=== Begin Enclosure ===

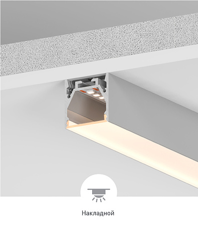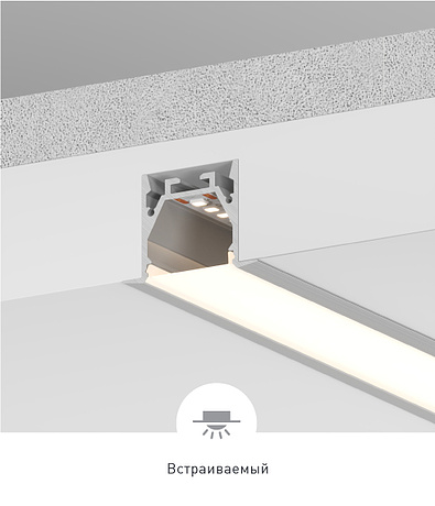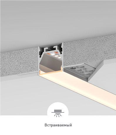 Алюминиевый анодированный профиль для светодиодных лент и линеек. Скрытая установка (под строительную отделку). Цвет - серебристый. Габаритные размеры (L×W×H): 2000x65x25 мм. Ширина площадки для ленты 12,8 мм. Экраны, заглушки и другие аксессуары приобретаются отдельно. Цена за 1 метр.
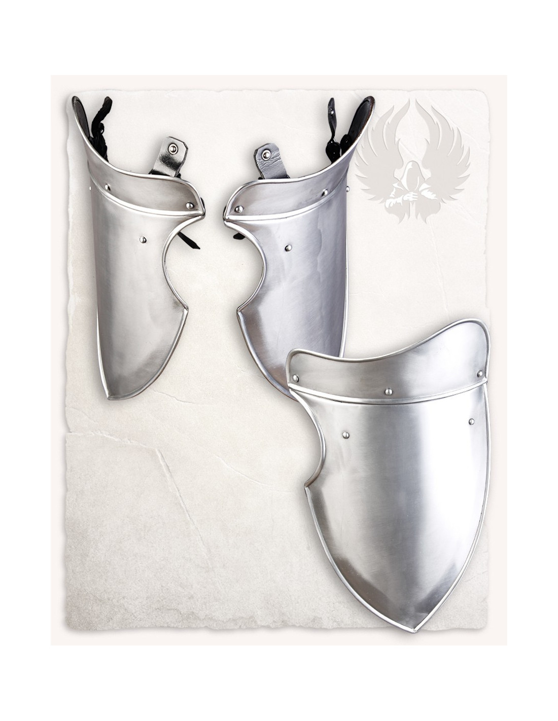 Galhad Medieval-skulpturerne i poleret stål forbedrer ikke kun din beskyttelse, men giver dig også mulighed for at udtrykke din identitet på slagmarken. Tilføj dette personlige præg til din rustning og forbered dig på herlighed i kamp!
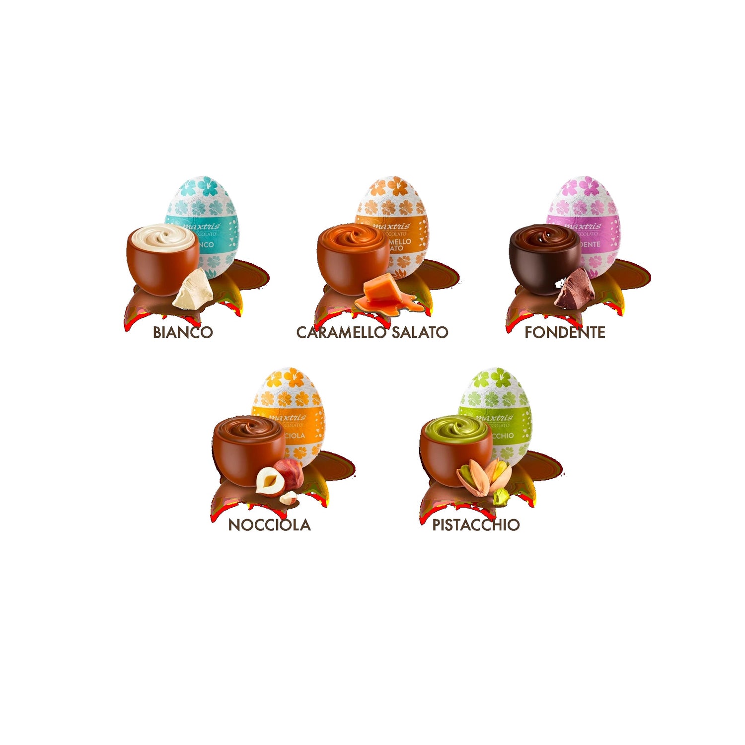 5 gusti assortiti: bianco, fondente, caramello salato, nocciola, pistacchio
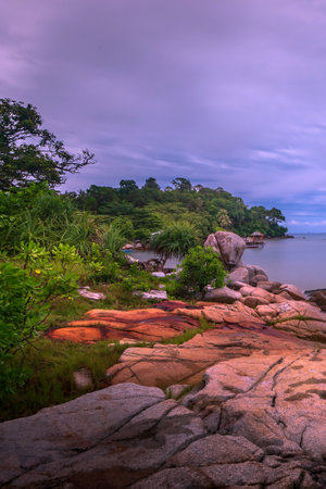 Stretched out white sand beach with natural rock formation at the coastline on the horizon in Belitung Island in the afternoon, Indonesia.
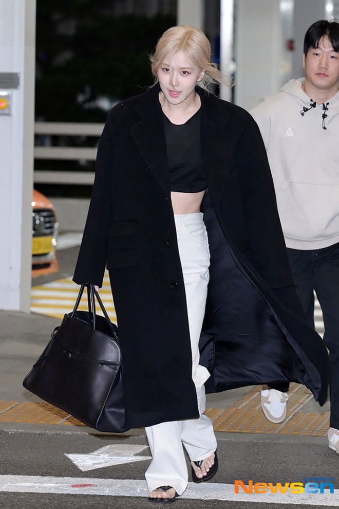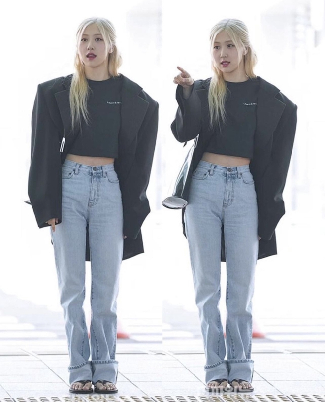 Rosé biến sân bay thành sàn catwalk khi diện áo blazer, áo khoác dáng dài form menswear của Saint Laurent. Giọng ca chính BLACKPINK đều lựa chọn combo áo crop top phối cùng quần jeans để outfit mang vẻ trẻ trung, cá tính
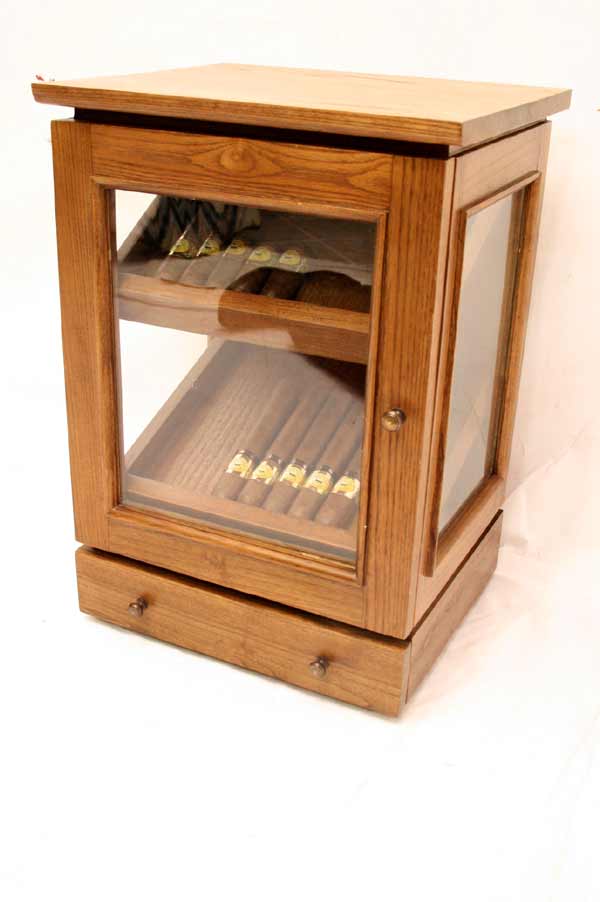 Ausgefallene Zigarren Glas Vitrine / Schublade / Teak Holz
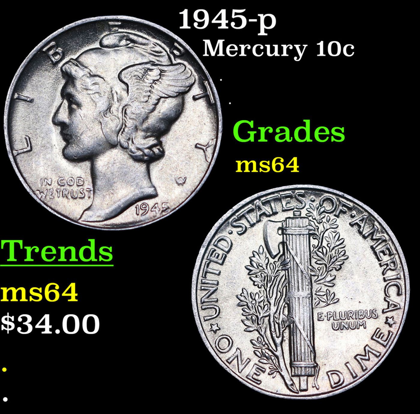 1945-p Mercury Dime 10c Grades Choice Unc.
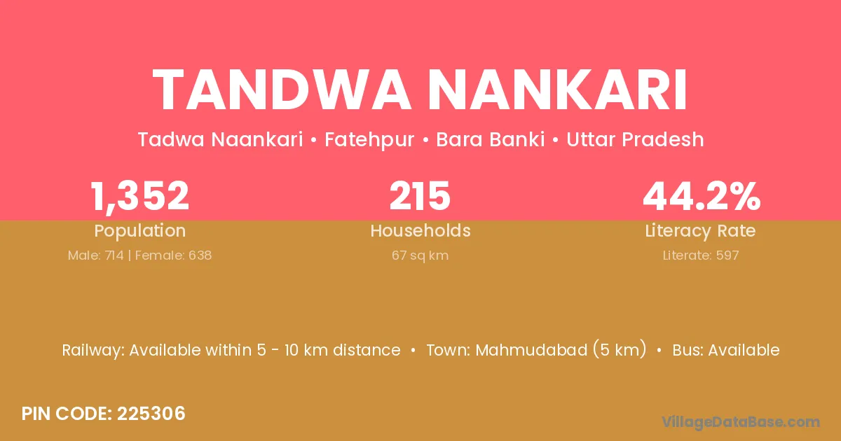 Mahmudabad (5 km) is the nearest town to Tandwa Nankari village for major economic activities and is located approximately 5 km away.

=== End Enclosure ===

== Exercise objective ==
Your answer must be only the lines from the one that holds "Rosé biến sân" to the end of the listing, each restated word for word, with both ends kept and pictures left out.

== Answer below ==
 Rosé biến sân bay thành sàn catwalk khi diện áo blazer, áo khoác dáng dài form menswear của Saint Laurent. Giọng ca chính BLACKPINK đều lựa chọn combo áo crop top phối cùng quần jeans để outfit mang vẻ trẻ trung, cá tính
 Ausgefallene Zigarren Glas Vitrine / Schublade / Teak Holz
 1945-p Mercury Dime 10c Grades Choice Unc.
 Mahmudabad (5 km) is the nearest town to Tandwa Nankari village for major economic activities and is located approximately 5 km away.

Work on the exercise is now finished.